I feel this is out of scope of UK (for now at-least). For remote servers, if the usage stats are that important, something more tuned to metrics tracking (Prometheus/grafana etc.) should likely be employed.

(You could look into making a push monitor and writing a script yourself like this if you really need this feature for something).

OryonMax commented 3 years ago

Everybody needs that nowadays and most Status Pages are Paid, I hope to see this feature in Uptime Kuma.

markdesilva commented 3 years ago

As @deefdragon said, this might be out out of scope for what UK does. However, using push and command line utilities like "mpstat" and "free" and if the UK developers allow users to change the units and description of whats monitored as I asked for in #749, then UK could give you individual graphs of cpu and memory utilization, only thing is you won't have one page with all the metrics together.

OryonMax commented 3 years ago

Not allowed in UK?

markdesilva commented 3 years ago

Didn't say its not allowed, but as mentioned, not in the scope of what UK does, So even if the developer decides to put it in, probably it will not be a priority. Unless you want to code that portion yourself and then make a pull request for your work to be included in a future release.

ImmaZoni commented 3 years ago

@OrefaSol to provide some insight on why this is not really in scope.

A typical "status" service does nothing other than Ping a server. basically "Hey you there?" and it responds or doesn't. yes or no. This ping does not provide data on CPU, RAM, Storage, anything. all you get is yes I'm alive, and it took this long.

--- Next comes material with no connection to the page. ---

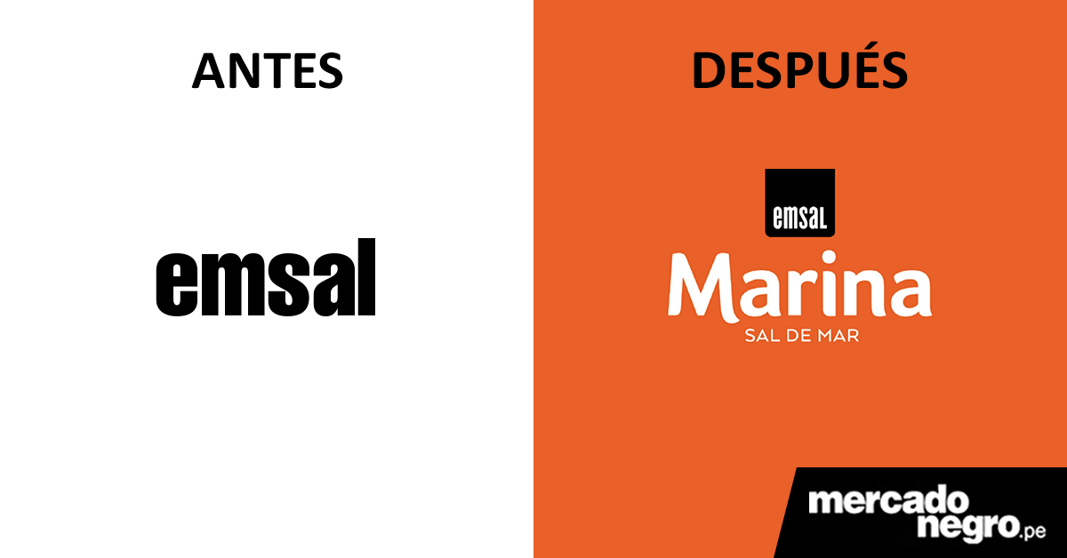 Respecto al cambio de imagen, el nuevo logo de Marina, muestra su tipografía en letra imprenta de color blanco, dejando de lado el negro que llevaba Emsal. El color rojo, que acompañó a la marca en su packaging todos estos años, dejará de ser parte de la nueva imagen, ahora se ha aplicado el naranjal, dándole una vista más casero y de cocina.
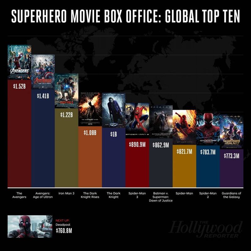 Actualmente cuenta con 862.9 millones en la bolsa, se estima que su taquilla final sea de 875 milloncitos, lo que se ubicaría en la posición número 7 de las películas de superhéroes más taquilleras de la historia, con riesgo de caer al octavo por el desempeño de Civil War.

Due to this Uptime Kuma is a permissionless service, meaning I don't need to approve uptime Kuma talking to my website or any website really.

If Louis were to try and implement something like this it would require a separate program/script that would go on the website you want to test and send extra info over to Uptime Kuma. So it requires direct access to every service you want to test and get this data on.

HetrixTools offers various services, one being a status service, and another being a server monitoring service.

Uptime Kuma (In its current form at least) is strictly a status service.

OryonMax commented 3 years ago

Nope, HetrixTool has Hearbeat Monitoring Under Uptime Monitoring Product.

markdesilva commented 3 years ago

Sounds like maybe you should be using HetrixTools then as you’re obviously a fan.

rihards-simanovics commented 3 years ago

Nope, HetrixTool has Hearbeat Monitoring Under Uptime Monitoring Product.

What you are asking here is out of scope (perhaps for now), full stop.

Unless you are willing to code it yourself, wait until the UK developer does it.

Surely you understand that everyone who develops and contributes to a free and open-source product dedicates their free time to do so. The feature that you are asking for is from a paid product, there is a reason why it's paid, the money goes to a developer for their hard work.

louislam commented 3 years ago

Everyone relax🐻.

Just follow one rule. If you love the suggestion, give a 👍.

Ignore it if you don't like it.

zimbres commented 2 years ago

I use https://www.netdata.cloud/

rihards-simanovics commented 2 years ago

@zimbres, this is amazing and Open Source. Hmm, I think I might have this running for my client reports... I will keep using the UK for internal services as those don't require reports generated. Thanks for sharing the tool name!

PS: Perhaps the UK might use some of the source code or take inspiration from that tool as it looks quite nice.

ririko5834 commented 2 years ago

This should work like hetrixtools works, that you can get also stats about ram, CPU, disk, network, etc. displayed in graph on status page.

markdesilva commented 2 years ago

Here we go again with Hetrix tools.

I wonder if all these folks suggesting UK work like Hetrixtools just want the HT functions cos they want the unlimited HT functionality without paying for it.

Sounds like it doesn’t it? 🤷🏻‍♂️

rihards-simanovics commented 2 years ago

@ririko5834 the basic answer to your request is "maybe in the future".

UptimeKuma is a relatively simple uptime monitoring application running on NodeJS. not saying that NodeJS is a bad language. Still, I am nearly pointing out that a different language is more favourable due to performance requirements for what you are asking.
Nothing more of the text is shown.